**Exercise directions:**
No pictures in the copy. Write out the listing below exactly.

**Exercise inputs:**
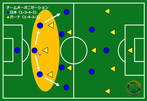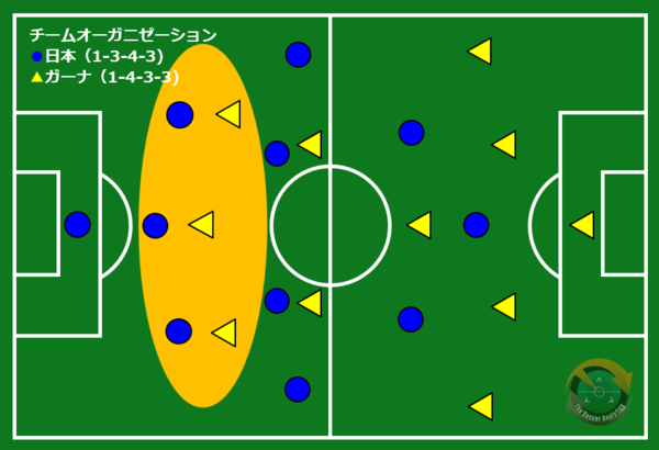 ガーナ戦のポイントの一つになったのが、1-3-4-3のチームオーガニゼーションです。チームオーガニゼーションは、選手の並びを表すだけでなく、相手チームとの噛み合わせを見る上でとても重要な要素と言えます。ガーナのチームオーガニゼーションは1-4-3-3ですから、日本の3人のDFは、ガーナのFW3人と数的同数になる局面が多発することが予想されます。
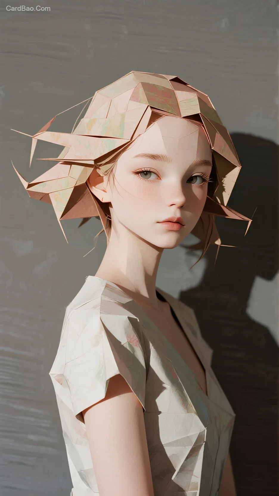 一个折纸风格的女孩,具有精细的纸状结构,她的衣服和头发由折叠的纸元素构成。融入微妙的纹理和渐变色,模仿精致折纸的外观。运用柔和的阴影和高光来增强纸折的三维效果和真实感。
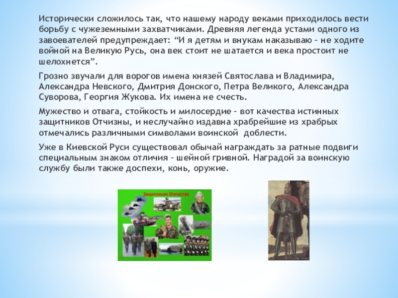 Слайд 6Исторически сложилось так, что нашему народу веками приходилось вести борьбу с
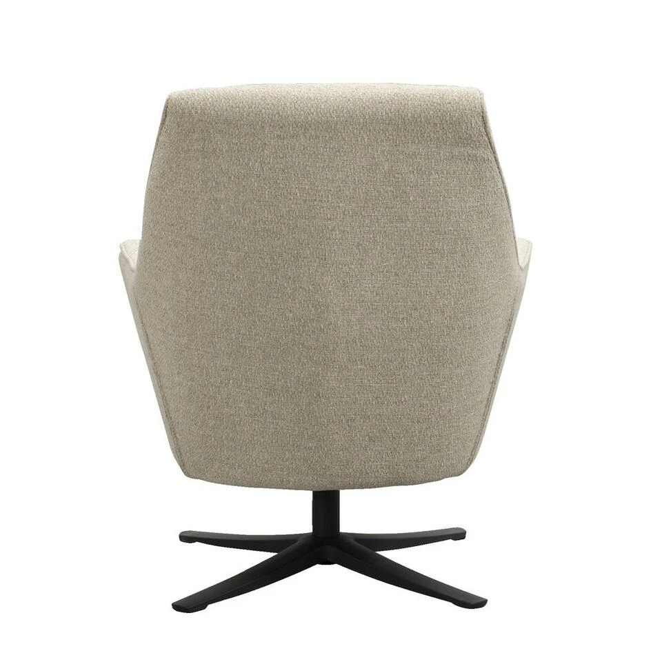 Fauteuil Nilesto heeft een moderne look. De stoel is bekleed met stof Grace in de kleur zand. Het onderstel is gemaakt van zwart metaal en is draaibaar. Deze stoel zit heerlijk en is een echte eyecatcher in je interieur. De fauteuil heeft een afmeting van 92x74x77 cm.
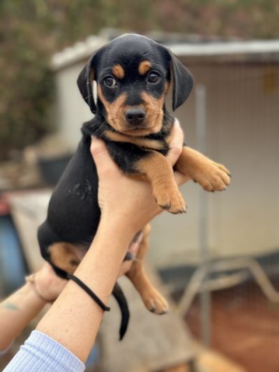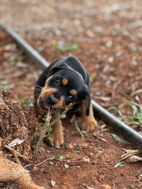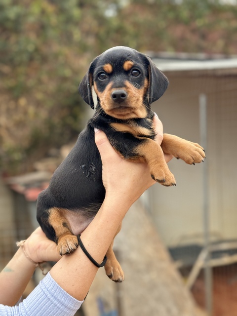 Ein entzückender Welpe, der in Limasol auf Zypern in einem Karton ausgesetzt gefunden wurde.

**Finished task:**
 ガーナ戦のポイントの一つになったのが、1-3-4-3のチームオーガニゼーションです。チームオーガニゼーションは、選手の並びを表すだけでなく、相手チームとの噛み合わせを見る上でとても重要な要素と言えます。ガーナのチームオーガニゼーションは1-4-3-3ですから、日本の3人のDFは、ガーナのFW3人と数的同数になる局面が多発することが予想されます。
 一个折纸风格的女孩,具有精细的纸状结构,她的衣服和头发由折叠的纸元素构成。融入微妙的纹理和渐变色,模仿精致折纸的外观。运用柔和的阴影和高光来增强纸折的三维效果和真实感。
 Слайд 6Исторически сложилось так, что нашему народу веками приходилось вести борьбу с
 Fauteuil Nilesto heeft een moderne look. De stoel is bekleed met stof Grace in de kleur zand. Het onderstel is gemaakt van zwart metaal en is draaibaar. Deze stoel zit heerlijk en is een echte eyecatcher in je interieur. De fauteuil heeft een afmeting van 92x74x77 cm.
 Ein entzückender Welpe, der in Limasol auf Zypern in einem Karton ausgesetzt gefunden wurde.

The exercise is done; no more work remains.